Well, what is your coverage?
Yes the coverage is 10.106236X, it's written in Spades output file. Can I check in another way the coverage?
Are you going by the number in the contig header? (
NODE_1_length........cov1.23456
? If so, that's kmer coverage, not contig coverage. If that's from the log file then it's probably not kmer coverage.To be sure, you can recalculate it. In order to get the coverage depth, remap your reads against that section of sequence (or just extract that region after re-mapping against the whole genome), and use a tool like Qualimap to get the coverage.
Ok, I extract the reads mapping against a D-LOOP of almost 450 bp and I obtain 100 sequence paired end (50R + 50L ). If I multiple 50 * 100 bp (average length of a reads) I get 5.000 bp.
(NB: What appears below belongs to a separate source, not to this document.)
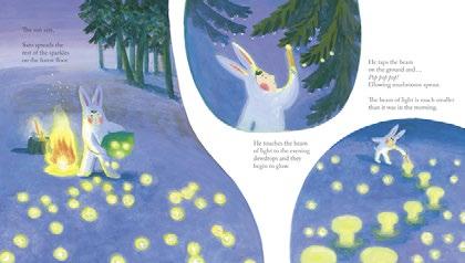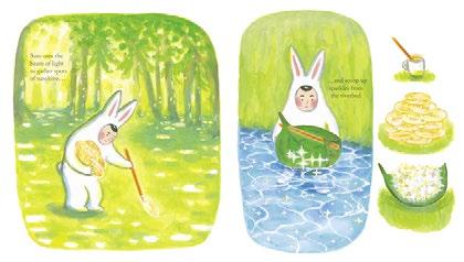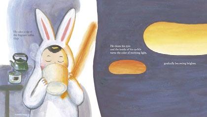 Every morning, Sato the Rabbit opens his eyes to the soft light of day, ready to embrace all that the universe has in store for him. One day, the shining morning light that peeks out from his curtains becomes a bar that transports him to a forest, where he gathers dappled sunlight into a warm fire and sets the night dew aglow. Another day, Sato wakes up to find his room transformed into a lighthouse floating on the big, wide ocean, where he scoops up the light that comes through the colorful glass windows to create a special signal that ushers in fish and seabirds bearing wonderful treats.

5.000 bp / 450 = almost 10 x
This is the coverage of reads ?
And what is the coverage of contigs ?
It sounds like it may equate to ~10X, though I'm not 100% convinced by that calculation, since I think it assumes perfect spanning of reads across the 450bp.
10X is on the low side, but I don't think it specifically accounts for your strange alignment pattern. I would follow h.mon's suggestion of assessing the coverage by eye in IGV or another genome browser.
Its possible that region hasn't sequenced well, so maybe check your reads for N's or low qualities.
Otherwise it could well be real, and your sample has several indels - it is difficult to say.
Did you try blasting online the "Node_1_length" sequence? Did you map the reads to the assembled sequence and inspected the mapping on IGV or other genome browser?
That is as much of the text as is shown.